There are some additional keywords that can be used to allow for additional functionality. The super keyword allows the class to use methods and constructors from the superclass. For example, to access the Ball constructor in the BouncyBall constructor, the code would look like this:
public BouncyBall(String c, int s, double b){
super(c, s);
bounciness = b;
}
We will talk about the use of super to overload methods in Polymorphism. Superclasses and Subclasses are also interconnected in a multitude of ways. A superclass variable, for example, can store objects of a subclass. In terms of our example, we could store a BouncyBall object in a Ball variable.

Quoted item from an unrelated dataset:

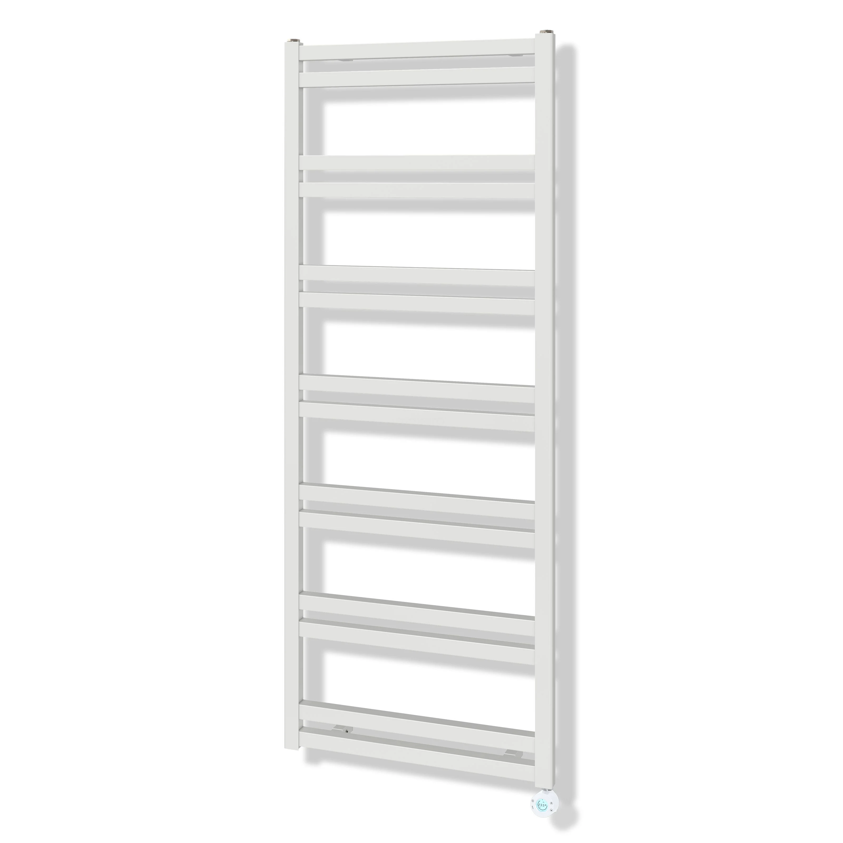 Elektrischer Handtuchheizkörper Ausgestattet mit einem elektrischen Heizelement, ist dieser Heizkörper ideal für Räume ohne Zentralheizungsanschluss. Das Element lässt sich einfach in den Vorlauf oder Rücklauf einbauen. Vor der Installation füllen Sie den Heizkörper zunächst mit 80% Wasser und 10% Maxaro Heizkörperfüllung.

Ball bouncy = new BouncyBall(“red”, 10, 0.1);
We will discuss the implications and uses of this in the next section, Polymorphism.
Polymorphism
Polymorphism comes from the greek prefix poly-, meaning many, and morphe, meaning form. This literally translates to many forms, which will make more sense as we go along. We begin with our example of BouncyBall and Ball. Say I want a regular ball to roll differently from a bouncy ball. However, I don’t want to go through the inconvenience of creating a completely separate method for it. Therefore, we decide to override the method roll in BouncyBall.
public void roll (){
//code different but not shown
}
Now from the previous section on Methods we have learned about method overloading and how the compiler processes and determines which method to use. We recall that a method’s signature is how the compiler can tell the difference between each overload. Yet in this case, the method signatures are identical! So how will the compiler deduce which method to use? In short, it doesn’t need to. The method is tied to a specific class, and since they are still instance methods, require an object to run. The method is simply determined by the type of object that the method runs from.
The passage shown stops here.